### ASSIGNED TASK
Every line from the top of the records through the one bearing "同时,米兰·(milan)A" is to be reproduced exactly, and pictures are to be left out.
(PROVIDED DATA)
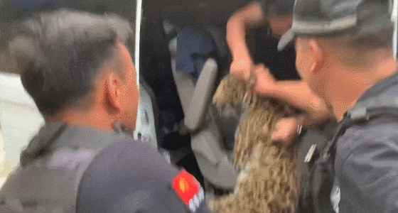 警務人員把豹抬出去,想要放歸
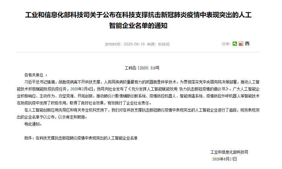 同时,米兰·(milan)AI疫情防控设备、“深目”系统、“天图”系统等3款产品/方案入选了国家人工智能标准化总体组秘书处发布的第一批34款有助于疫情防控的人工智能产品和解决方案名单。
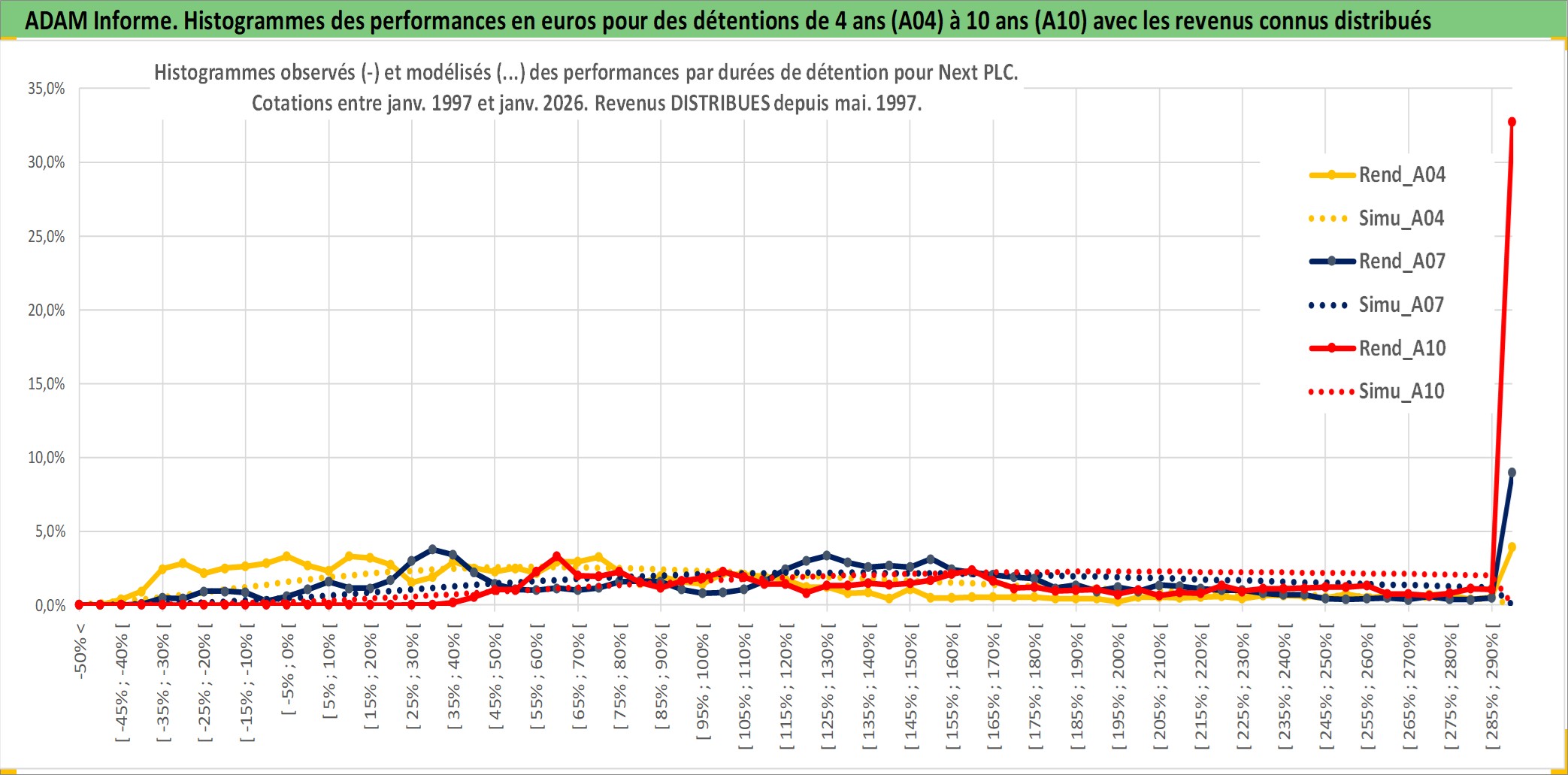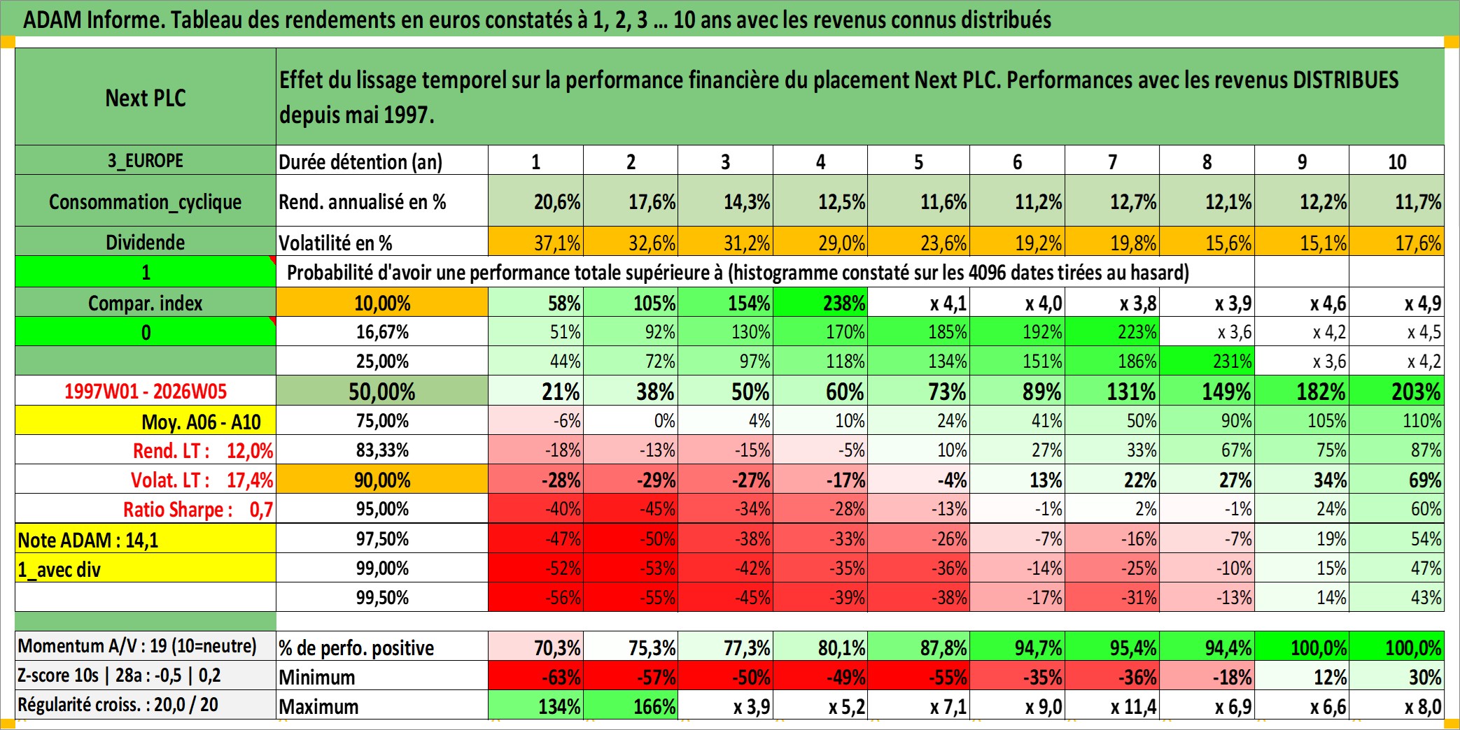 Site dédié aux investisseursPage dédiée sur site financeAnalyse des valorisations hebdomadaires de l'action Next PLC. Cet actif est cote en GBX. Les valorisations sont en contrevaleur EURO et couvrent les semaines 1997W01 a 2026W05. Les revenus de cet actif financier sont pris en compte depuis la semaine 1997W22. La note globale ESG de cet actif est estimee a 13.0 (apres rebasage entre 0 et 20).
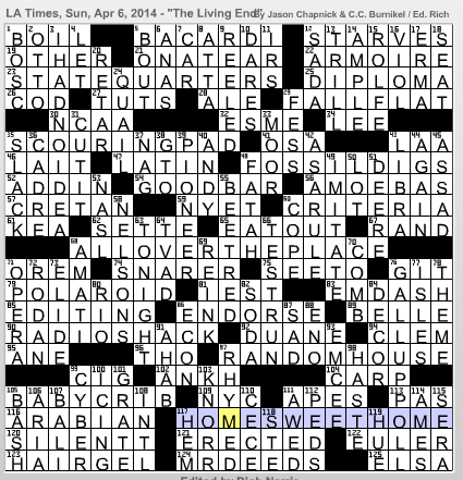 L A Times Crossword Corner: Sunday April 6 2014 Jason Chapnick C C
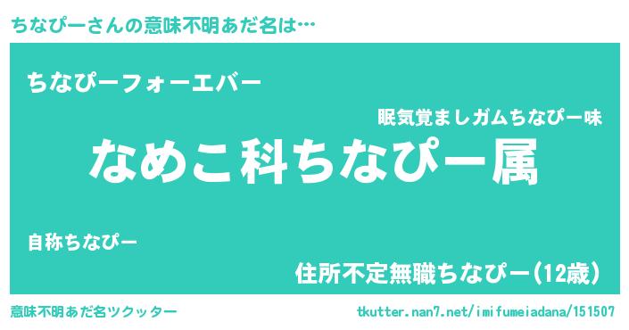 | 男性向けラノベタイトル風あだ名 | 『転生したらちなぴーだった件』 |
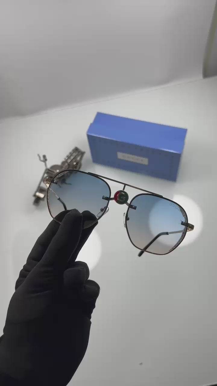 Luxury GUCCI Style Sunglasses for Men | Black Metal Frame | Grey UV Protection Lenses | Model 5024
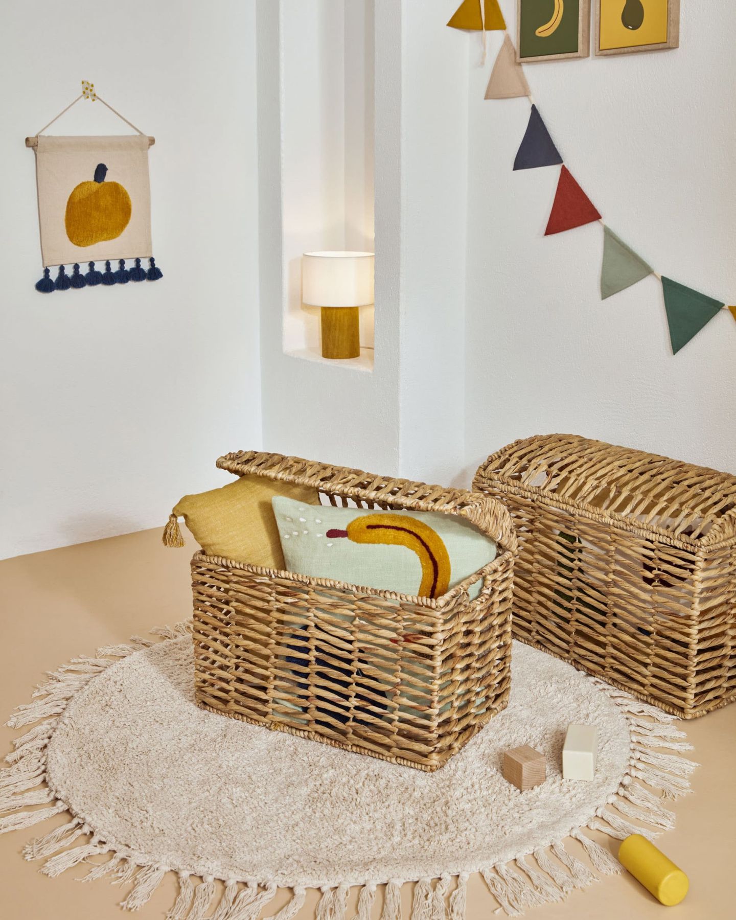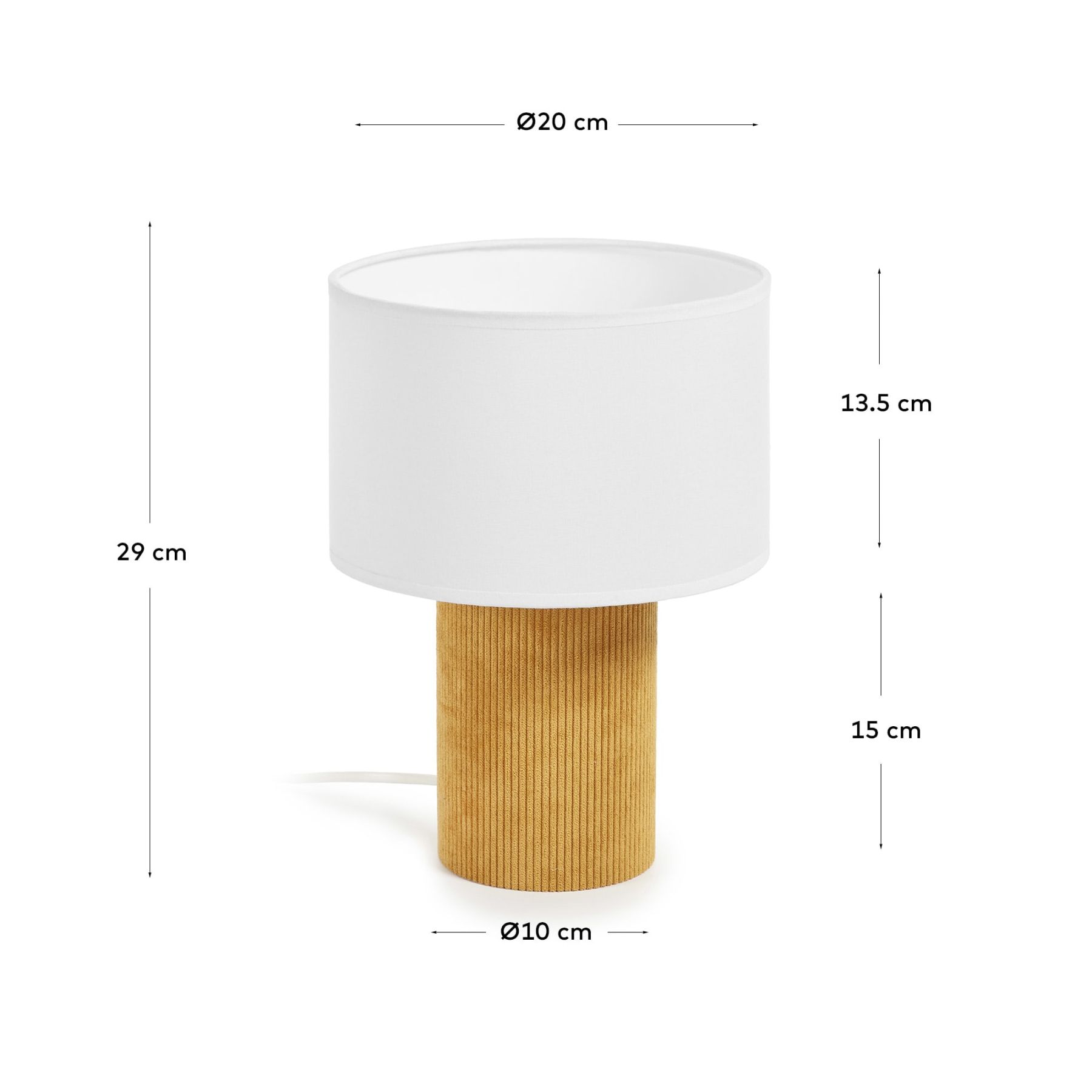 Настольная лампа с вельветовым основанием. Абажур из белой ткани. Переключатель в комплекте. В мини-размере высотой 29 см, чтобы адаптироваться к комнате вашего малыша. Чтобы осветить этот дизайн, добавьте одну из наших лампочек Bulb LED E27 мощностью менее 40 Вт.
(End PROVIDED DATA)
### WRITTEN SOLUTION
 警務人員把豹抬出去,想要放歸
 同时,米兰·(milan)AI疫情防控设备、“深目”系统、“天图”系统等3款产品/方案入选了国家人工智能标准化总体组秘书处发布的第一批34款有助于疫情防控的人工智能产品和解决方案名单。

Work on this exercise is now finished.